ACTION ITEM: Print the records below exactly. Omit every picture.

--- TASK MATERIAL Enclosed Below ---

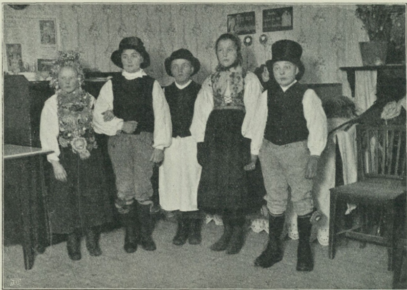
Fig. 1. Mats-firande med »brud och brudgum» i Gagnef.
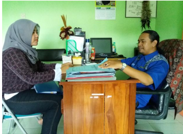
Kepala Divisi Umum dan Pemasaran Madiun Umbul Square
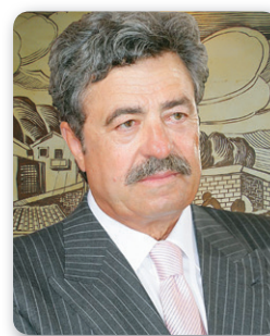
άρθρο του ΝΙΚΟΥ ΚΑΡΑΓΕΩΡΓΙΟΥ*

* Πρόεδρος του Ελληνικού Συνδέσμου Βιομηχανιών Επωνύμων Προϊόντων
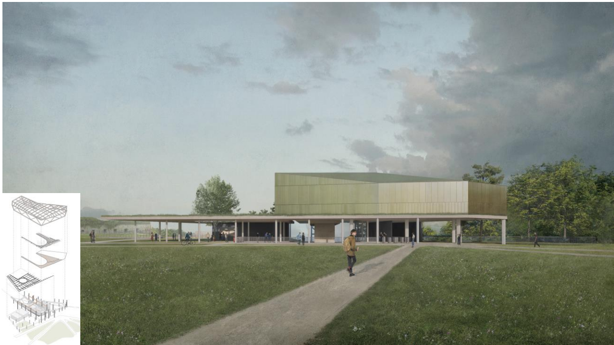
Abb. 4: Ansicht Bergstation mit Festungsmauer & Tragwerkskonzept 1
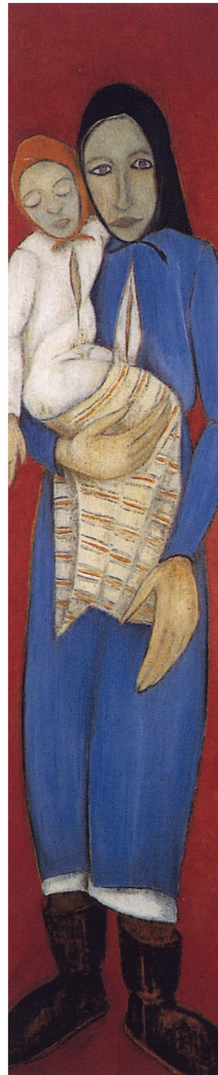
ΓΕΩΡΓΙΟΣ ΓΕΩΡΓΙΟΥ, Η Παναγία του Λιοπετρίου , λάδι, 1952
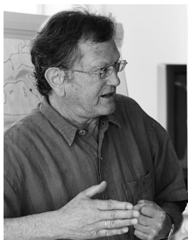
Fotos: Kindheit als Wirtsbub im Hofbräukeller Rosenheim Blick vom Wirtshausgarten in die Alpen Kgl. Bayerischer Hofkutscher auf Schloss Herrenchiemsee Arbeit in Edinburgh, der Hauptstadt Schottlands Allgäu: Der Hobby-Landwirt kutschiert „internationale Gäste“ Professor an der Universität Montevideo / Südamerika In Indien am Taj Mahal, Jahrtausendbau der Liebe Dozent in der Erwachsenenbildung, z.B. in Irsee und Kempten
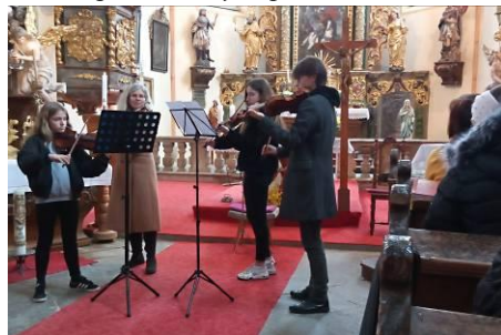
z poutního koncertu ZUŠ
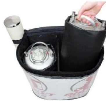
2 aislados por separado envases de bebidas de 11 litros
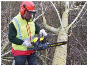
LAT SPS - Soutien aux populations des zones dévastées par la tempête KLAUS en 2009
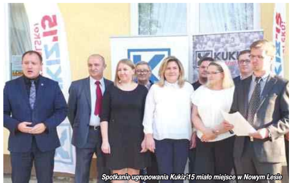
Spotkanie ugrupowania Kukiz'15 miało miejsce w Nowym Lesie
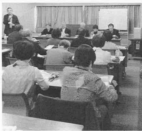
昨年度の「リーダー養成講座」受講風景

研修内容は、会長からの「基調講演」(ナルクの基本理念、リーダーの心構えなど)、各理事による「講義」(拠点運営、時間預託活動、事業活動など)、ナルクの現状における課題あるいは将来のビジョンなどをテーマに、「グループ討議」を行う。 また1日目の夜は全員宿泊とし、参加者同士の交流をより一層深める。 対象は、三役(代表、副代表、事務局長)およびこれに準ずる役員で、拠点において3年以上の活動経験を持ち、次期拠点リーダーとして活躍が期待できる人材とし、各拠点からの推薦に基づき、本部で厳選する。 なお、実施場所は昨年同様「中之島プラザ」(大阪市北区中之島の研修施設)を予定している。
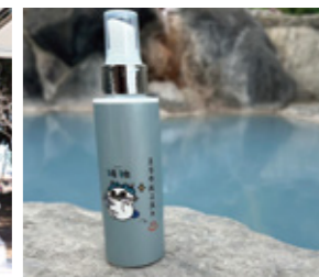
温泉水を使った化粧水「ミラルクミスト」
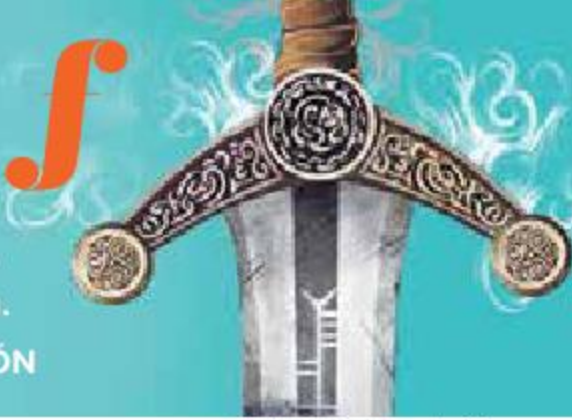
Ilustración: Horacio Sierra
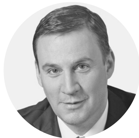
ПАТРУШЕВ ДМИТРИЙ НИКОЛАЕВИЧ Министр сельского хозяйства Российской Федерации
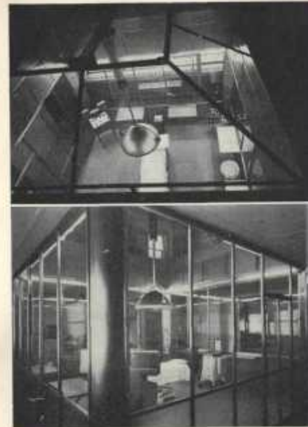
La sala operatoria vista dalla tribuna studenti e dalla galleria d'isolamento.

Per ottenere la sterilizzazione totale antibiotica o glicolica, sono stati applicati i concetti derivanti dalla esperienza acquisita nel corso della realizza-

--- End of Enclosed TASK MATERIAL ---

SOLUTION TO THE PROBLEM:
Fig. 1. Mats-firande med »brud och brudgum» i Gagnef.
Kepala Divisi Umum dan Pemasaran Madiun Umbul Square
άρθρο του ΝΙΚΟΥ ΚΑΡΑΓΕΩΡΓΙΟΥ*

* Πρόεδρος του Ελληνικού Συνδέσμου Βιομηχανιών Επωνύμων Προϊόντων
Abb. 4: Ansicht Bergstation mit Festungsmauer & Tragwerkskonzept 1
ΓΕΩΡΓΙΟΣ ΓΕΩΡΓΙΟΥ, Η Παναγία του Λιοπετρίου , λάδι, 1952
Fotos: Kindheit als Wirtsbub im Hofbräukeller Rosenheim Blick vom Wirtshausgarten in die Alpen Kgl. Bayerischer Hofkutscher auf Schloss Herrenchiemsee Arbeit in Edinburgh, der Hauptstadt Schottlands Allgäu: Der Hobby-Landwirt kutschiert „internationale Gäste“ Professor an der Universität Montevideo / Südamerika In Indien am Taj Mahal, Jahrtausendbau der Liebe Dozent in der Erwachsenenbildung, z.B. in Irsee und Kempten
z poutního koncertu ZUŠ
2 aislados por separado envases de bebidas de 11 litros
LAT SPS - Soutien aux populations des zones dévastées par la tempête KLAUS en 2009
Spotkanie ugrupowania Kukiz'15 miało miejsce w Nowym Lesie
昨年度の「リーダー養成講座」受講風景

研修内容は、会長からの「基調講演」(ナルクの基本理念、リーダーの心構えなど)、各理事による「講義」(拠点運営、時間預託活動、事業活動など)、ナルクの現状における課題あるいは将来のビジョンなどをテーマに、「グループ討議」を行う。 また1日目の夜は全員宿泊とし、参加者同士の交流をより一層深める。 対象は、三役(代表、副代表、事務局長)およびこれに準ずる役員で、拠点において3年以上の活動経験を持ち、次期拠点リーダーとして活躍が期待できる人材とし、各拠点からの推薦に基づき、本部で厳選する。 なお、実施場所は昨年同様「中之島プラザ」(大阪市北区中之島の研修施設)を予定している。
温泉水を使った化粧水「ミラルクミスト」
Ilustración: Horacio Sierra
ПАТРУШЕВ ДМИТРИЙ НИКОЛАЕВИЧ Министр сельского хозяйства Российской Федерации
La sala operatoria vista dalla tribuna studenti e dalla galleria d'isolamento.

Per ottenere la sterilizzazione totale antibiotica o glicolica, sono stati applicati i concetti derivanti dalla esperienza acquisita nel corso della realizza-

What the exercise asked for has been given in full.